A partir de ce moment, les communes d'ANNECY, de CRAN GEVRIER et de SEYNOD mirent en place une étude hydrologique et une étude des pollutions du bassin versant de l'IERNON. Ce travail a permis d'établir une cartographie précise des pollutions du site, dont la plupart sont anciennes et résiduelles.

 

Parallèlement, l'action déterminée de la Ville a permis d'imposer aux pollueurs en hydrocarbures, et en particulier CROLARD, de se doter d'équipements qui permettent de considérer qu'aujourd'hui ce problème majeur est réglé.

 

Mais cet inventaire faisait apparaître une pollution inconnue des communes, celle d'une pollution aux nitrates d'une particulière importance à la fin de l'année 2009.

 

Immédiatement la Ville mandatait, alors que cette question ne relève pas de sa compétence juridique, un bureau d'étude pour effectuer un mesurage complèmentaire de manière à déterminer quelle entreprise pouvait procéder à de tels rejets.

 

Une fois les résultats confirmés, la Ville a convoqué les parties concernées : GRAPHOCOLOR et la DRIRE devenue DREAL qui a la charge du contrôle des Installations classées pour la protection de l'environnement pour valider les chiffres obtenus et prendre en considération les points de vue de l'exploitant et de l'Etat.

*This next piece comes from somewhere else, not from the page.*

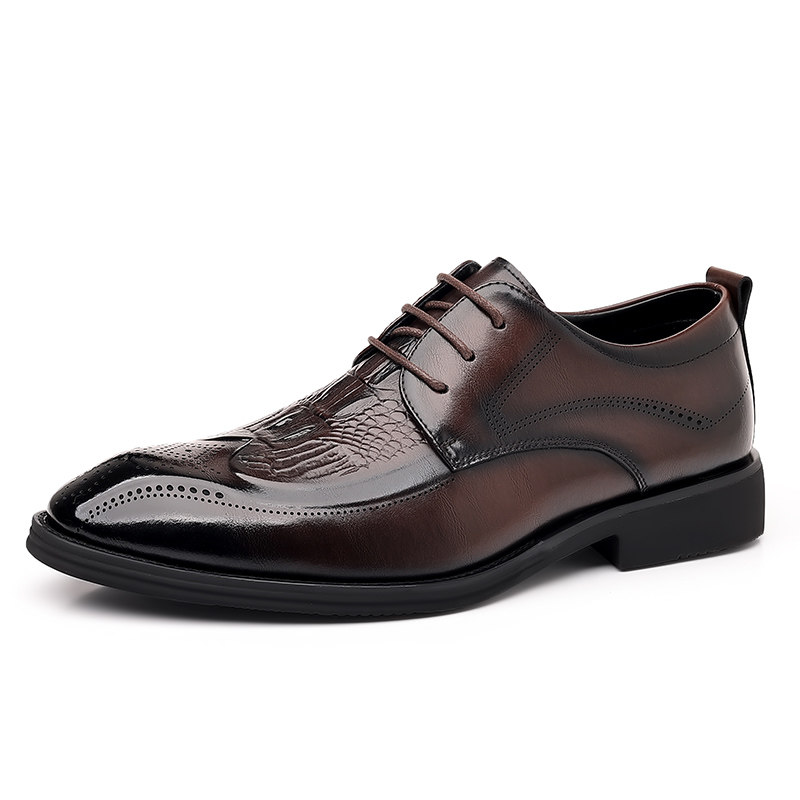春季新款男士布洛克尖头正装皮鞋

Ces chiffres de 3 tonnes de nitrate par jour rejetés dans l'ISERNON ayant été confirmés par GRAPHOCOLOR ainsi que le fait que les services de l'Etat connaissaient parfaitement cette situation qui existait depuis des dizaines d'années, la Ville a réuni tous les partenaires intéressés par la situation : la DREAL, la Direction départementale des Territoires, l'ONEMA (ancien conseil supérieur de la pêche) pour faire le point des réglementations applicables et de la stratégie que l'Etat envisageait.

 

Sur le plan réglementaire, il faut comprendre que les autorisations de rejet sont accordées par la DREAL dans un arrêté préfectoral et que parallèlement à cette autorisation préfectorale, l'Etat impose des niveaux de pollution des eaux de surface qui ne sont pas les mêmes que ceux des autorisations de rejet... GRAPHOCOLOR pourrait être autorisé à un niveau de rejet de nitrates qui ne permette pas d'atteindre le bon état écologique de l'ISERNON. Compte tenu du niveau actuel de pollution,  GRAPHOCOLOR ne peut atteindre les objectifs de bon état écologique de l'ISERNON : il devrait alors fermer purement et simplement.

 

Il convient donc que l'entreprise réduise dès maintenant ses rejets, c'est ce qu'elle s'est engagée verbalement à faire de moitié en modifiant son process de production et en remplaçant l'acide nitrique d'ici fin 2010.  Et qu'elle mette en place une politique de traitement de ses rejets restants passant nécessairement par une dénitrification selon des modalités qui devraient être définies par un arrêté préfectoral de mise en demeure que la DREAL a préparé.

 

La Ville dans ce dossier a mis les moyens nécessaires pour établir un diagnostic de la situation du bassin versant,puis elle a réuni les acteurs au lieu de se retrancher derrière son absence de compétence juridique et permis la prise de décisions rapides sur un problème qui ne crée pas de risque aigü pour les populations, mais dont le caractère massif impacte évidemment le THIOU et le FIER dont la qualité des eaux de surface devrait être exceptionnelle.